Gen. Keith Alexander, director of the National Security Agency

Gen. Keith Alexander, director of the National Security Agency Jeff Chiu/AP File Photo

The nation can survive the occasional terrorist attack, but our freedoms can't survive an invulnerable leader like Keith Alexander operating within inadequate constraints.

Leaks from the whistleblower Edward Snowden have catapulted the NSA into newspaper headlines and demonstrated that it has become one of the most powerful government agencies in the country. From the secret court rulings that allow it collect data on all Americans to its systematic subversion of the entire Internet as a surveillance platform, the NSA has amassed an enormous amount of power.

There are two basic schools of thought about how this came to pass. The first focuses on the agency’s power. Like J. Edgar Hoover, NSA Director Keith Alexander has become so powerful as to be above the law. He is able to get away with what he does because neither political party -- and nowhere near enough individual lawmakers -- dare cross him. Longtime NSA watcher James Bamford recently quoted a CIA official: “We jokingly referred to him as Emperor Alexander -- with good cause, because whatever Keith wants, Keith gets.”

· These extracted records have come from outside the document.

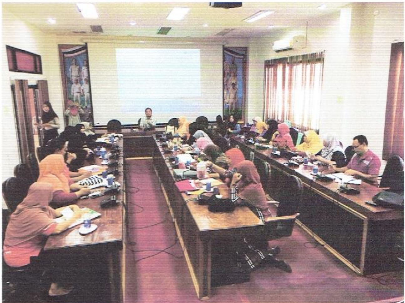
วิทยากรกำลังบรรยายเรื่องโทษภัย ตลอดจนวิธีการดูแลตนเองให้ห่างไกลจากโรคอ้วน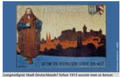
Langweiligste Stadt Deutschlands? Schon 1913 wusste man es besser.

So ist das Bamberger Domkreuz Belg dafür, was mit fränkischen Kunstschätzen geschah, nachdem die fränkischen Gebiete dem Bayerischen Fürsten unterstellt worden waren, und welche Folgen es für sie hatte, die Reichsunmittelbarkeit zu verlieren. Die Ausstellung, Dienstag bis Sonntag, ist mit der Straßenbahnlinie 8 (Erlenstegen-Worzeldorfer Straße) erreichbar. Für Erwachsene kostet der Eintritt sechs Euro. Wer mit öffentlichen Verkehrsmitteln kommt, bezahlt dagegen fünf Euro. ■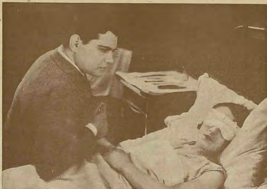
Una escena de la película española «La canción del día», estrenada en el Real Cinema

Aun exponiéndome a ser tachado de exigente, no he de privarme de manifestar que, aparte la curiosidad que despierta una película hablada, La canción del día no me interesa; esto no significa, en modo alguno, que no esté bien realizada, sino simplemente que en ella no encuentro novedad digna de atención. Es una especie de sainete-revista, con sus toquecitos sentimentales y sus chistes correspondientes. El asunto, en que, por cierto, hay un inglés que no ha aprendido a pedir café y no obstante se hace comprender de todo el mundo (!), es ni más ni menos que otros que hemos visto pasar. En la parte lírica, el inspirado autor del schotisch de la garcon, con, con , nos ha servido unos números que, si dentro de poco no son popularizados por las domésticas, se deberá, exclusivamente, a que muchas de ellas no puedan abonar cuatro pesetas por oírlos, o a que, obedeciendo a su sentido práctico, prefieran gastar menos y oír cantar de verdad. La acción, aunque un poco lenta, está bien llevada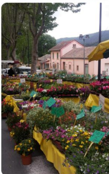
Fête de la brouette arrosée, D. 8 mai

Quel beau succès pour l'Épic enduro les 9 et 10 avril derniers à Olargues : 720 inscrits et 620 au départ et 40 pour le kids enduro.

Possibly the best evidence for this position is how well Alexander has weathered the Snowden leaks. The NSA’s most intimate secrets are front-page headlines, week after week. Morale at the agency is in shambles. Revelation after revelation has demonstrated that Alexander has exceeded his authority, deceived Congress, and possibly broken the law. Tens of thousands of additional top-secret documents are still waiting to come. Alexander has admitted that he still doesn’t know what Snowden took with him and wouldn’t have known about the leak at all had Snowden not gone public. He has no idea who else might have stolen secrets before Snowden, or who such insiders might have provided them to. Alexander had no contingency plans in place to deal with this sort of security breach, and even now -- four months after Snowden fled the country -- still has no coherent response to all this.

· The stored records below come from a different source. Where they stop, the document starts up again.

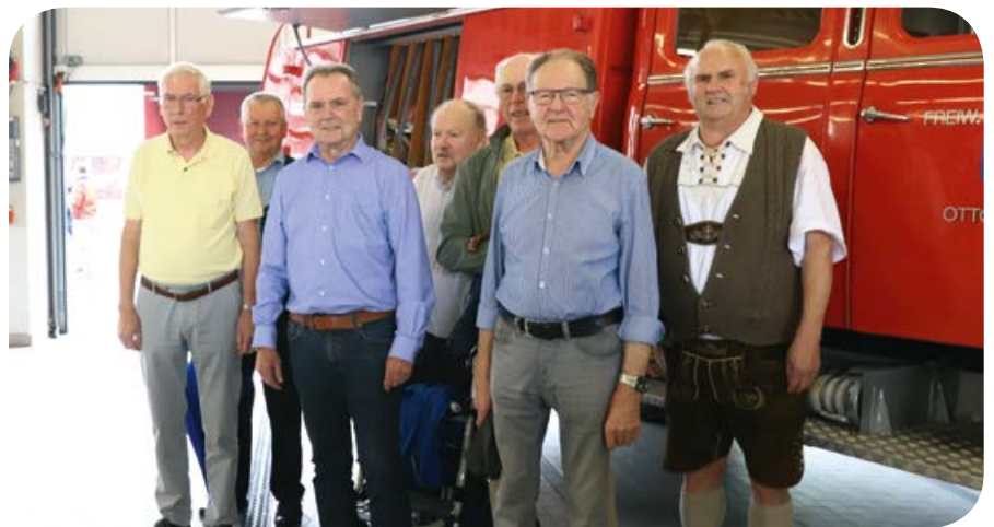
Als besondere Gäste besuchten sieben der acht damaligen Jugendlichen der 1. Jugendgruppe von 1958 den Kreisjugendfeuerwehrtag.

Am 31.05.1958 fand die erste Übung der neu gegründeten Jugendfeuerwehr mit acht jungen Burschen statt. Vor 60 Jahren zählte Ottobrunn etwa 6000 Einwohner. Trotz steigender Einwohnerzahlen durch die sehr rege Bautätigkeit lag die Zahl der Einsatzkräfte mit 35 auf recht niedrigem Niveau. Die Führungskräfte legten mit dem Aufbau einer Jugendfeuerwehr den Grundstein für eine bis heute anhaltende Erfolgsgeschichte. 71 Prozent der Einsatzkräfte der Wehr im Jahr 2018 haben ihre Feuerwehrgrundausbildung bei der eigenen Jugendfeuerwehr durchlaufen. Es ist keine Wehr bekannt, die sich im Großraum München bereits so frühzeitig und so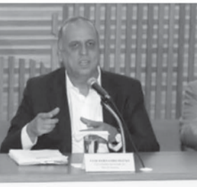
病療養から復職直後にも関わらず、財政建て直しの諸策を発表したベソン知事(Carlos Magno)

同州が財政破綻し、公務員への給与の支払いも滞っている事は、10月にジョゼ・ベルトラメ保安局長やフェルナン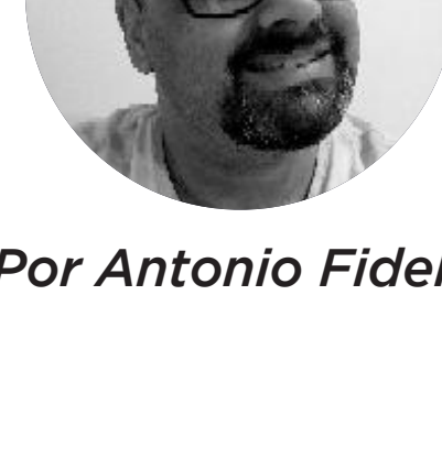
Por Antonio Fidelis

Esse é um espaço de crescimento e comunhão.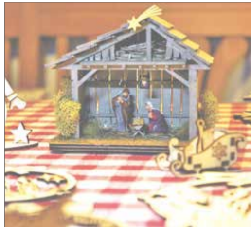
Die liebevoll gestalteten „Miniatur-Krippen“ – sogar mit sparsamer LED-Beleuchtung

Eingriff ist für arme Menschen unbezahlbar in manchen Ländern. Seit 1966 hat die CBM schon über 14 Millionen Kindern und Erwachsenen das Sehen geschenkt – unbezahlbar! Allein im Jahr 2018 verhalfen Spenderinnen und Spender zu 605.443 Grauen-Star-OPs . Und das ist nur ein Puzzleteil der Hilfe.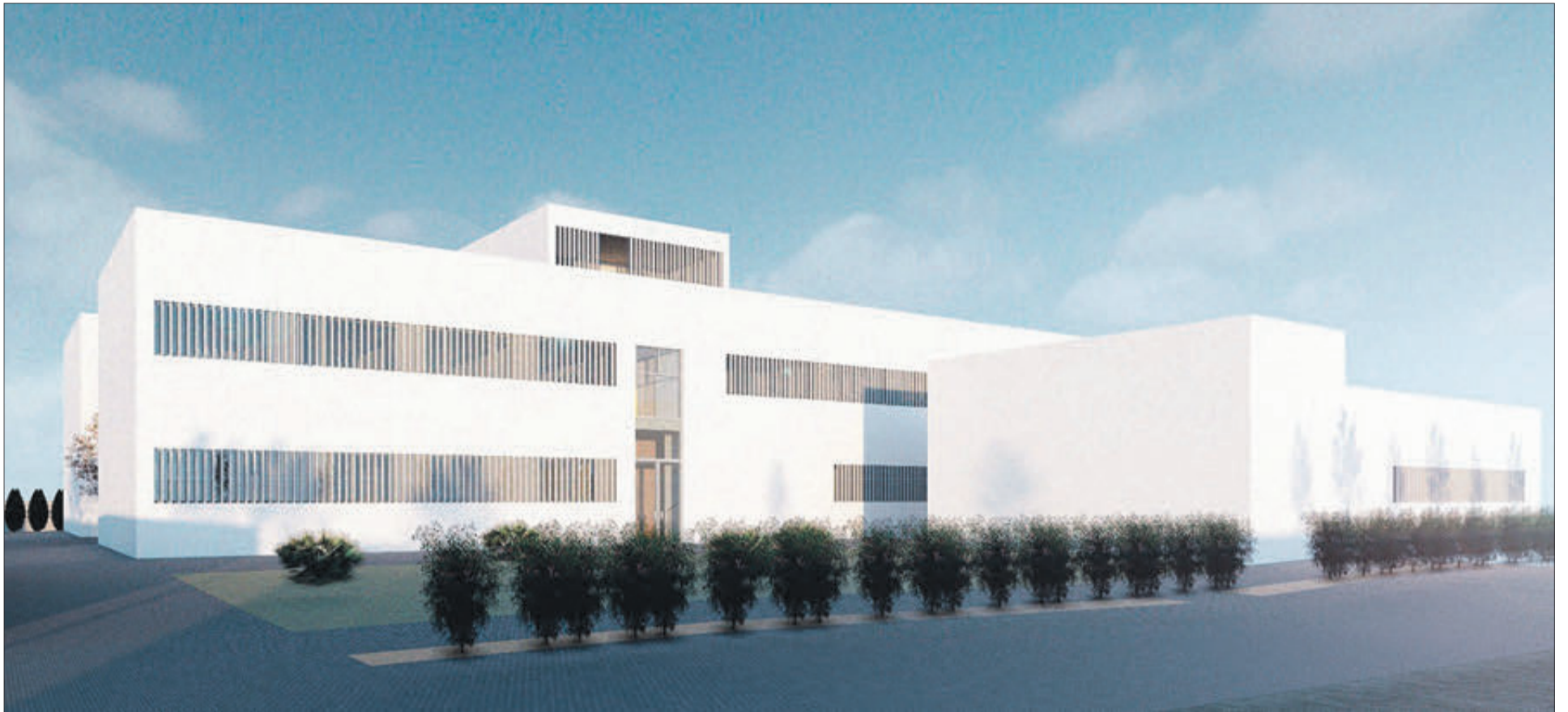
Vista General nou Centre Salut Sant Francesc.

EL TERMINI D'EXECUCIÓ ÉS DE 15 MESOS I LA NOVA INFRAESTRUCTURA SUBSTITUIRÀ L'ACTUAL CONSULTORI AUXILIAR

For an organization that prides itself on secrecy and security, this is what failure looks like. It is a testament to Alexander’s power that he still has a job.

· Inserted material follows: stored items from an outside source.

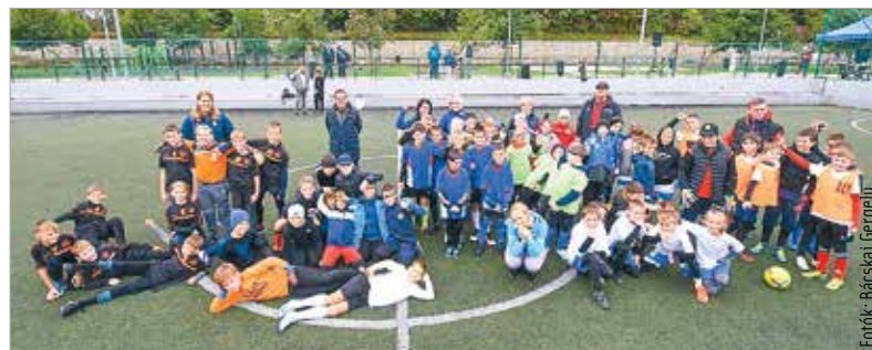
A Felsővárosi, a Hétvezér, a Zentai, a Kossuth, a Széna téri és a Vasvári negyedik osztályos tanulóinak csapatai küzdöttek meg egymással a Túrósáki úti focikupán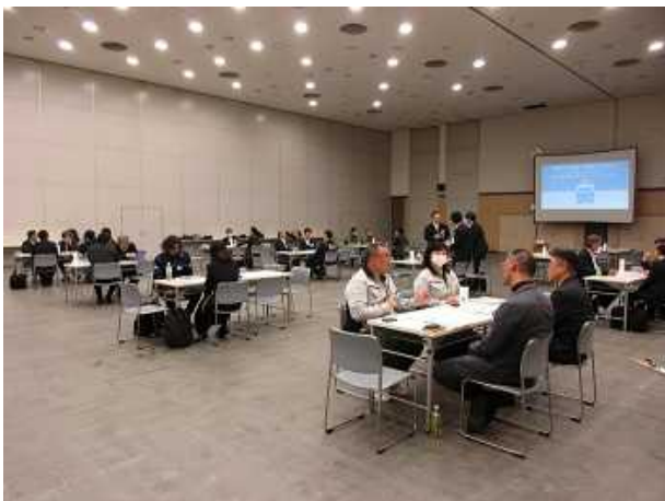
1on1ミーティングの様子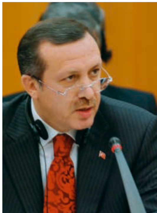
An institutional structure shaped in a rational and well-balanced manner would enable the Union to meet all needs irrespective of the number of its members, the Turkish Prime Minister Recep Erdogan stressed. Eine auf rationale und ausgewogene Weise gestaltete institutionelle Struktur werde es der Union ermöglichen, allen Erfordernissen unabhängig von der Zahl der Mitglieder gerecht zu werden, unterstrich der türkische Ministerpräsident Recep Erdogan .

After the failure of the Intergovernmental Conference, the time has now come to think about the shaping of the continent in wider terms. European policy needs to answer three key questions: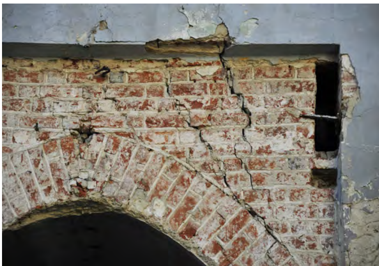
Zniszczenia w substancji bramy podzamcza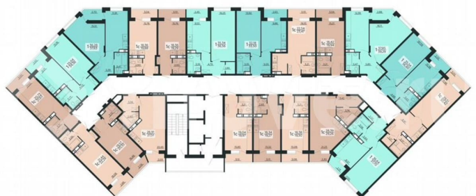
3 СЕКЦИЯ 2-20 ЭТАЖ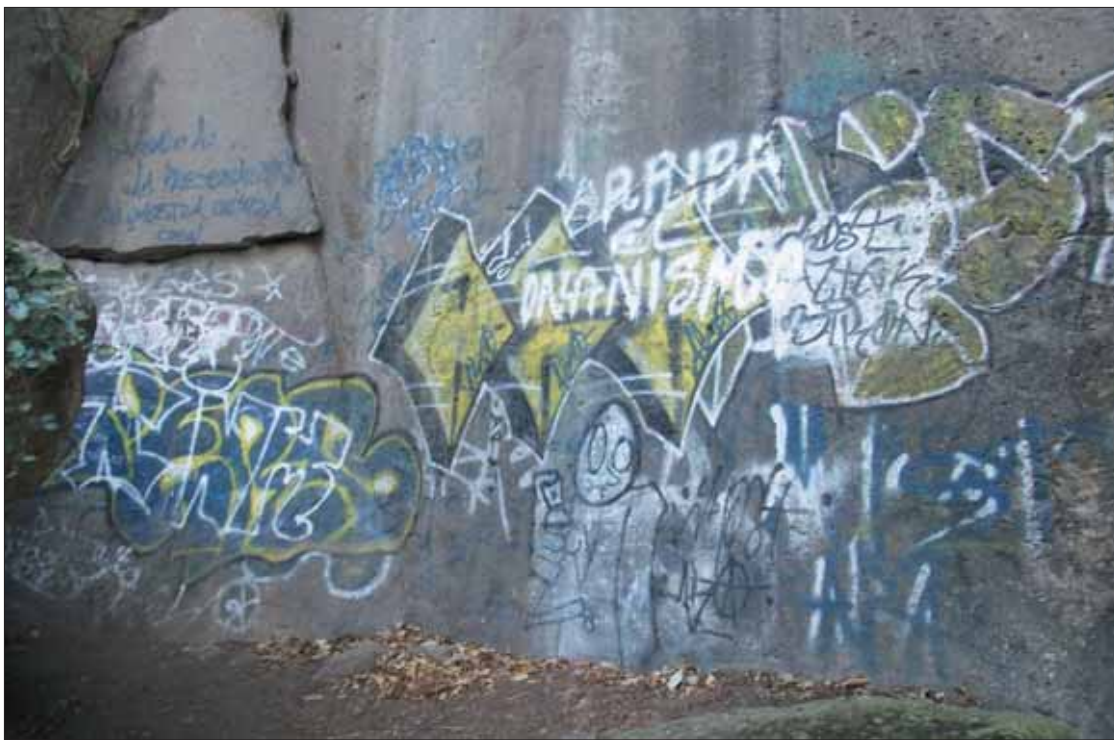
VESTIGIOS. Hablan de los primeros seres que habitaron la franja del suroccidente de la entidad, los primeros hombres que habitaron Tula.

Aún con la omisión de las autoridades competentes todavía se pueden apreciar sobre las piedras del lugar, en una superficie aproximada de diez metros varios aros con un círculo en su interior, medias lunas y animales de cuatro patas de diferentes tamaños, que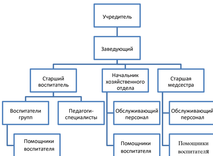
Схема 1. Административное управление МБДОУ.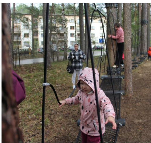
6. attēls. Tīklu trase Upeslejās.

https://www.ropazi.lv/lv/jaunums/vangazu-pilseta-atklata-virvju-skerslu-trase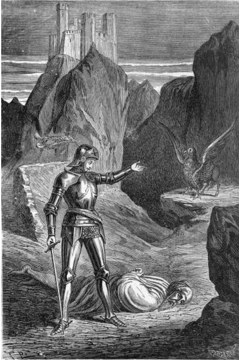
Bradamante vence y sujeta á Atlante de Garena. (Canto IV.)

bastaria para derribar á su contrincante. Desde luego podia emplear este medio como el mas eficaz de todos, sin tener entretenidos á sus adversarios, pero se complacia en manejar la lanza y esgrimir la espada durante algun tiempo, del mismo modo que el astuto gato se complace en jugar con el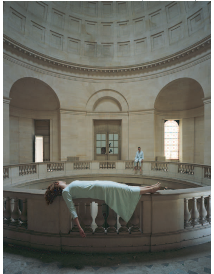
"La Chapelle", série "Hôpital"

du jeudi au dimanche de 14h à 19h et sur rendez-vous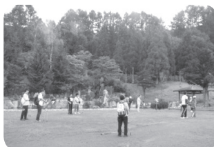
ノルデックウォーキング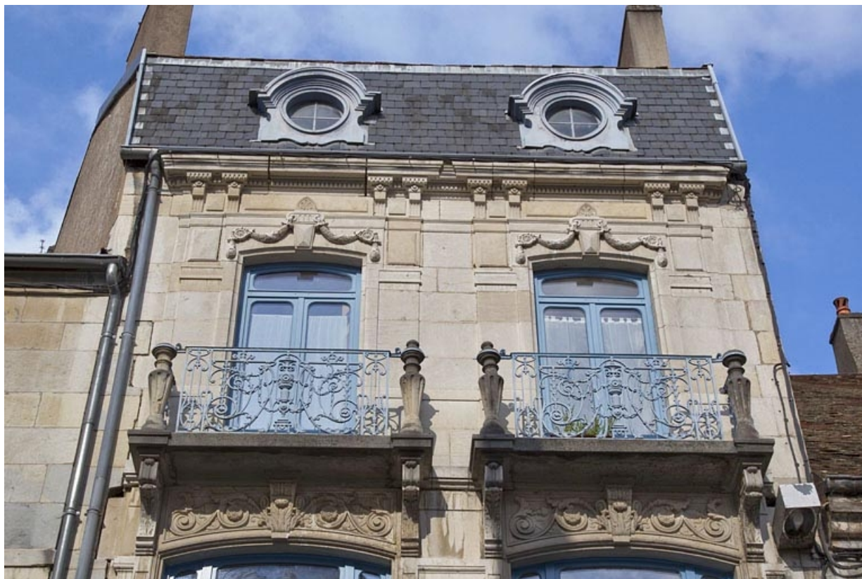
Deuxième logis secondaire, façade sur rue : vue du deuxième étage, de face.

25, Besançon, 25 rue Charles Nodier, lieudit : îlot Lecourbe

The second school of thought is that it’s the administrations’ fault -- not just the present one, but the most recent several. According to this theory, the NSA is simply doing its job. If there’s a problem with the NSA’s actions, it’s because the rules it’s operating under are bad. Like the military, the NSA is merely an instrument of national policy. Blaming the NSA for creating a surveillance state is comparable to blaming the U.S. military for the conduct of the Iraq war. Alexander is performing the mission given to him as best he can, under the rules he has been given, with the sort of zeal you’d expect from someone promoted into that position. And the NSA’s power predated his directorship.